Conclusion

In this chapter, we have analyzed growth models that do not rely solely on physical capital accumulation and exogenous technical progress. Instead, they are based on external effects from the accumulation of physical capital (learning by doing), or on investment in human capital (education and training), or even on the endogenous generation of technical progress through ideas and innovations.

Endogenous growth models do not necessarily imply convergence, as do the corresponding exogenous growth models. However, the available empirical evidence from postwar international experience (see, for example, Mankiw et al. [1992] and Barro [1997a]) indicates that the issue of conditional convergence of per capita incomes of the various economies cannot be dismissed easily. Convergence can be explained by generalized models that include learning by doing, accumulation of human capital, and endogenous technical progress, but not to a degree that would completely neutralize the diminishing returns from the accumulation of physical capital.

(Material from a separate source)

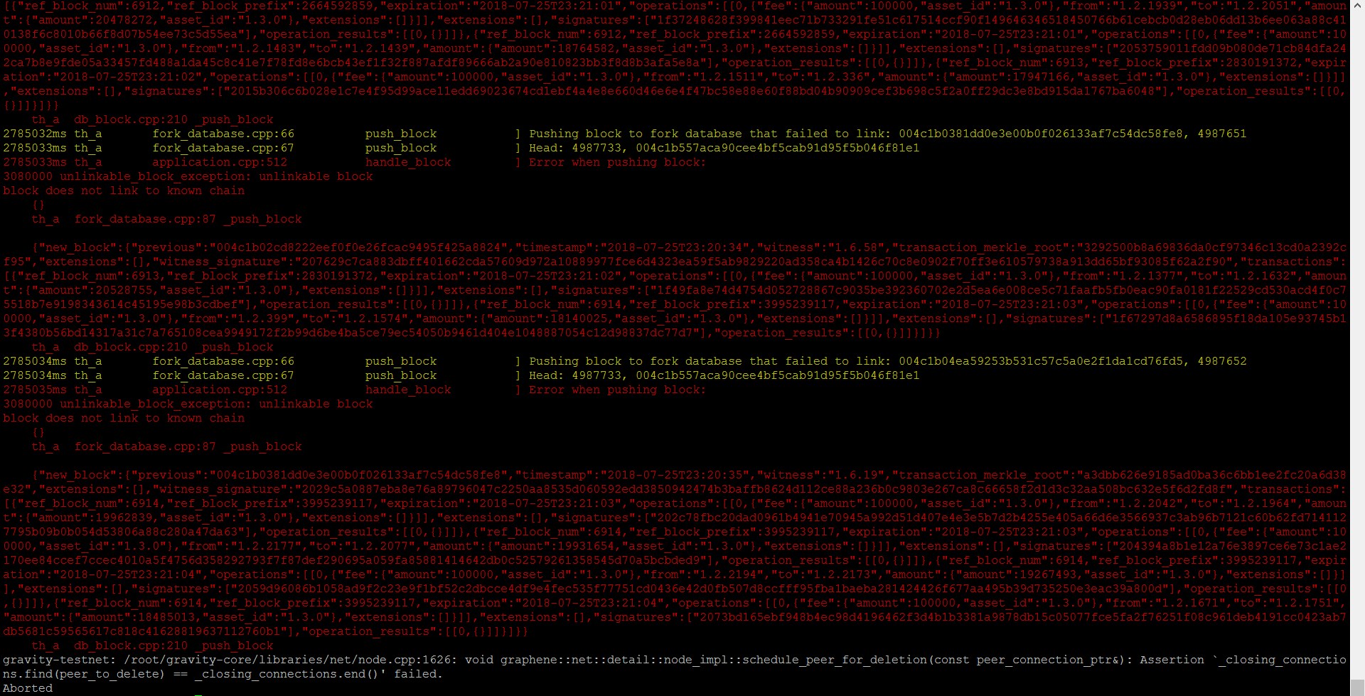 gravity-testnet: /root/gravity-core/libraries/net/node.cpp:1626: void graphene::net::detail::node_impl::schedule_peer_for_deletion(const peer_connection_ptr&): Assertion `_closing_connections.find(peer_to_delete) == _closing_connections.end()' failed.

Consequently, such generalized exogenous growth models could, in principle, explain most aspects of the process of economic growth that cannot be explained by the original Solow model or the corresponding representative household or OLG models.

The analysis of these generalized growth models helps explain additional stylized facts about economic growth, such as those recently summarized by Jones and Romer [2010, p. 242]. To quote from their conclusions:

The virtuous circle between population and ideas accounts for the acceleration of growth. Institutions may have their most important effects on cross-country income differences by hindering the adoption and utilization of ideas from throughout the world. Institutions like public education and the university system are surely important for understanding the growth in human capital.

The emphasis here is on the accumulation of physical and human capital, and endogenous technical progress as the proximate determinants of living standards and the growth process in the long run. But one needs to understand why some countries succeed and others fail to raise living standards and promote economic growth. The evolving literature on the political conditions and institutions that are conducive or nonconducive to long-run growth has already shed some light on these questions and continues to do so.

This chapter concludes our examination of the key macroeconomic models of long-run economic growth. We shall next turn to stochastic models and the rational expectations hypothesis, before moving on to stochastic models of consumption, investment, and money demand as a prelude to the analysis of models of aggregate fluctuations.¹³

1. Throughout the chapter, we mainly address effects on the efficiency of labor, but all the results would go through if instead we considered effects on total factor productivity. As we use a Cobb-Douglas production function throughout this chapter, labor augmenting technical progress (Harrod neutral) and total factor productivity augmenting technical progress (Hicks neutral) are equivalent.

2. This endogenous-growth model belongs to a class of models known as AK models from the form of the aggregate production function (8.7). The AK model with learning by doing was analyzed by P. M. Romer [1986], and we shall refer to it as the Arrow-Romer model. An alternative AK model that is widely used is due to Rebelo [1991], who demonstrates that as long as there is a core of capital goods whose production does not involve nonreproducible factors, endogenous growth is compatible with production technologies that exhibit constant returns to scale. The simplest Rebelo [1991] model is a two-sector model in which consumption goods are produced using both capital and labor, but capital goods are produced using only capital.

3. This market failure does not arise in the benchmark AK model of Rebelo [1991] without externalities.

4. This is demonstrated in section 8.1.10.

5. See chapter 5 for a detailed derivation of aggregate consumption in the Blanchard-Weil model.

6. For example, see Mankiw et al. [1992] and Barro [1997a].

7. For R&D models of the 1960s, see Uzawa [1965], Phelps [1966], Shell [1966], and Nordhaus [1969]. For models that build on the ideas of Romer [1990], see Grossman and Helpman [1991], Aghion and Howitt [1992], and Jones [1995].

8. Due to the increasing returns implied by ideas and innovations, the assumption of perfect competition is no longer appropriate, and one should ideally use models of imperfect competition. See Romer [1990].

9. For an empirical investigation of how population growth affects technical progress in historical perspective, see Kremer [1993].

10. See, among others, Galor and Weil [1999, 2000], Lucas [2002], Hansen and Prescott [2002], and Galor [2005; 2011].

11. North [1990] is an important contribution to this historical literature, which has been recently surveyed by Crafts and O’Rourke [2014].

12. See Acemoglu et al. [2005] and Ogilvie and Carus [2014] for surveys of this literature. Acemoglu and Robinson [2012] apply such a framework to the explanation of differences in prosperity among nations.

13. For comprehensive surveys of the extensive recent literature on economic growth and other additional models, including political economy models, see The Handbook of Economic Growth, edited by Aghion and Durlauf [2005] and Aghion and Durlauf [2014], as well as the excellent presentations in the books by Acemoglu [2009]; Aghion and Howitt [2009]; Barro and Sala-i Martin [2004]; and, on unified growth theory, Galor [2011].